PropVarTaxa %>% pull(Mode) %>% sum -> TotalVar
1- TotalVar -> TaxasonVar
PropVarTaxa[11, ] <- c("poisson", TaxasonVar, NA, NA)
PropVarTaxa %<>%
mutate_at(c("Mode", "lHPD", "uHPD"), as.numeric)
PropVarTaxa %>%
ggplot(aes(x=1, y=as.numeric(Mode), fill=Component)) +
geom_bar(stat="identity", colour="transparent") +
scale_x_continuous(labels=NULL) +
scale_fill_manual(values=MicroColours) +
theme_bw(base_size = 14) +
#theme(legend.position = "top") +
theme(axis.ticks.x = element_blank(),
legend.text = element_text(size=11),
legend.title = element_text(size=12)) +
labs(x='Nested taxonomy model', y='Proportion Variance')

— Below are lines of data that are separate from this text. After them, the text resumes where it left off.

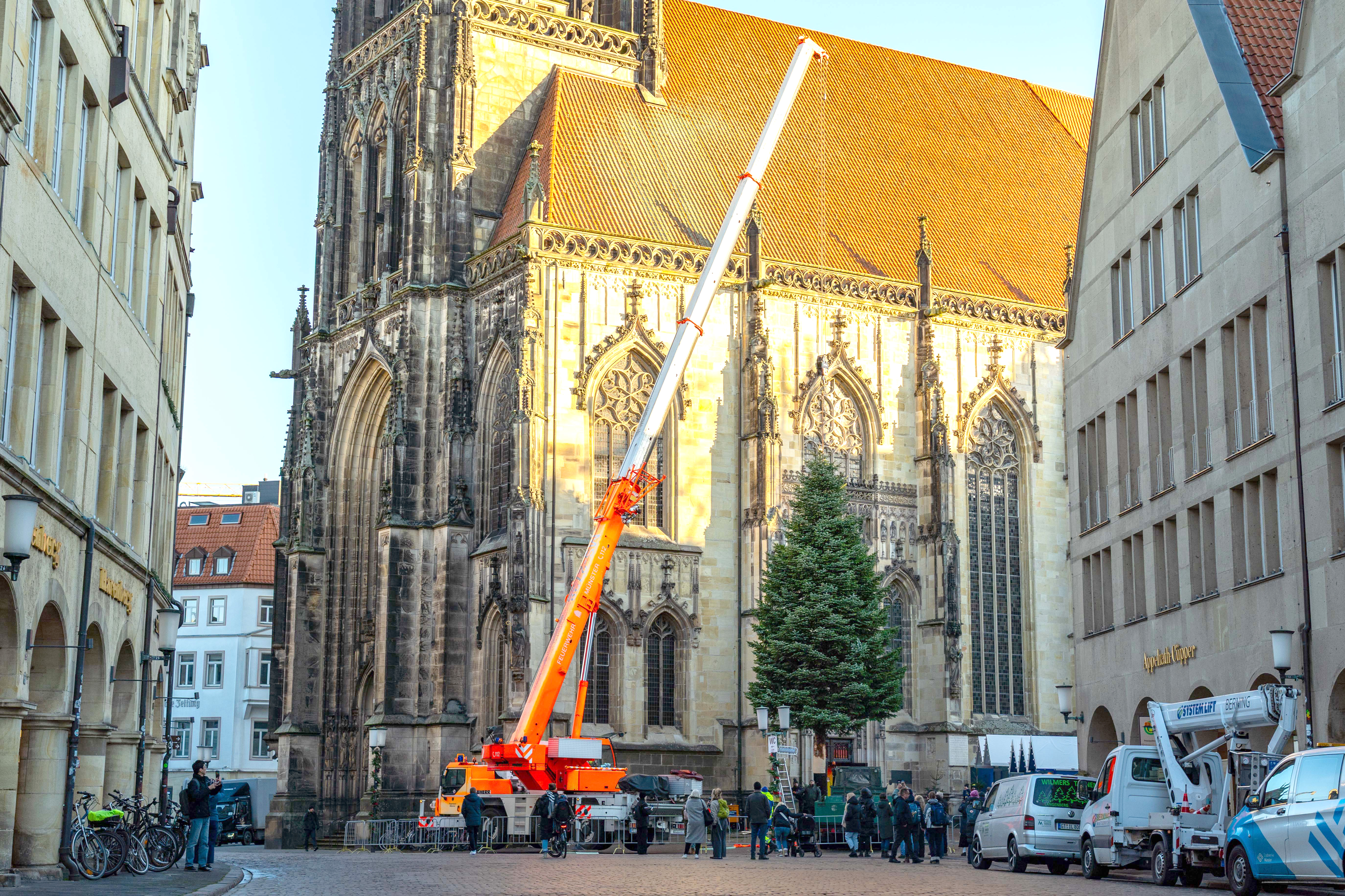 Baumscout Hubertus Wilmers hat sie ausgewählt und per Tieflader in die Innenstadt gebracht. Münster Marketing organisiert und finanziert den Aufbau gemeinsam mit den Kaufleuten des Prinzipalmarkts.
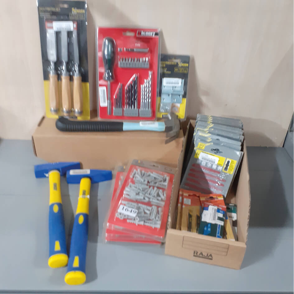 Div. gereedschap o.a. decoupeerzaagjes, hamers, houtbeitels
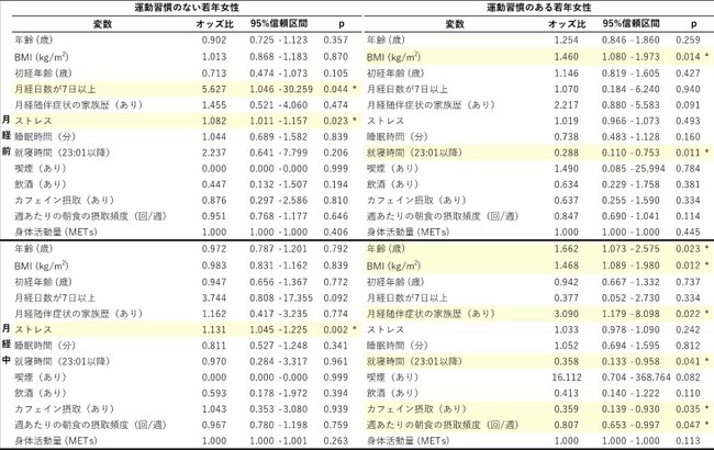 その結果、運動習慣のない若年女性では、重度の症状を有することと月経日数が長いこと、ストレスレベルが高いことに関連が認められました。一方、運動習慣のある若年女性では、重度の症状を有することとBMIが高いこと、就寝時間が遅いこと、月経随伴症状を有している、または有する家族がいること、カフェインの摂取があること、週あたりの朝食摂取頻度が少ないことが関連していることが明らかになりました。以上のことから、月経随伴症状の重症度に影響を与える要因は、運動習慣の有無によって異なる可能性が示唆されました。
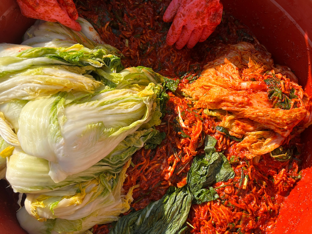 그렇게 애지중지 키운 배추를 93일 만에 수확해 지난 11월 16일 김장을 했다. 김장날은 추워서 손을 호호 불어야 정상이지만, 이날은 마치 봄날처럼 포근했다. 배추를 나르다 더워서 점퍼를 벗어야 할 정도였다.

Most variance is coming from the asv level (age_class:asv), followed by the family (age_class:fam) and finally the phylum (age_class:phylum) level. You can visualise the output of this model following code in part 3 of this tutorial to create a plot comparable to Figure S4 in this manuscript.